If $a=2,b=3,c=5$ in $\vartriangle ABC$, then $C=$
A. $\dfrac{\pi }{6}$
B. $\dfrac{\pi }{3}$
C. $\dfrac{\pi }{2}$
D. None of these.

Answer 1

Hint: We will use cosine rule or Law of cosine ${{c}^{2}}={{a}^{2}}+{{b}^{2}}-2ab\cos C$ by substituting all the given length of the sides to find the value the angle $C$.
The value of the cosine angle at \[\pi \] that is $\cos \pi $ is $\cos \pi =-1$

Formula Used: ${{c}^{2}}={{a}^{2}}+{{b}^{2}}-2ab\cos C$

Complete step by step solution: We are given the length of the sides $a=2,b=3,c=5$ of the triangle $\vartriangle ABC$ and we have to determine the value of the angle $C$.
We will substitute the given length of the sides of the triangle in the cosine law.
$\begin{align}
  & {{c}^{2}}={{a}^{2}}+{{b}^{2}}-2ab\cos C \\
 & {{5}^{2}}={{2}^{2}}+{{3}^{2}}-2(2\times 3)\cos C \\
 & 25=4+9-12\cos C \\
 & 12=-12\cos C \\
 & 1=-\cos C \\
 & \cos C=-1 \\
 & \cos C=\cos \pi \\
 & C=\pi
\end{align}$

The angle $C$ of the triangle $\vartriangle ABC$ having sides $a=2,b=3,c=5$ is $C=\pi $. Hence the correct option is (D).

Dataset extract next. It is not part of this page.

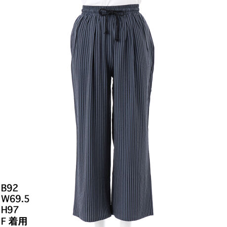 【洗える】【ウエストリブ】ストライプ ワイドシルエットルーズパンツ

Note: There are three laws of cosines with different sides and angles, so we must analyze which cosine rule should be taken according to the question. Here in this question we have to find the value of angle $C$, so we will choose the cosine law with two sides having angle $C$ hence ${{c}^{2}}={{a}^{2}}+{{b}^{2}}-2ab\cos (C)$.
The Law of cosines states the relationship between length of the sides of a triangle with respect to the cosine of its angle. That is ${{c}^{2}}={{a}^{2}}+{{b}^{2}}-2ab\cos (C)$ where $a,b,c$ are the sides of the triangle and $C$ is the angle opposite to side $c$.
The law of cosine can only be used in some triangles in contrast to the Law of sines which is true for all the triangles.
And to solve this kind of question we must be familiar with all the values of cosine and all the other trigonometric functions at every angle that is from $\left[ 0-2\pi \right]$.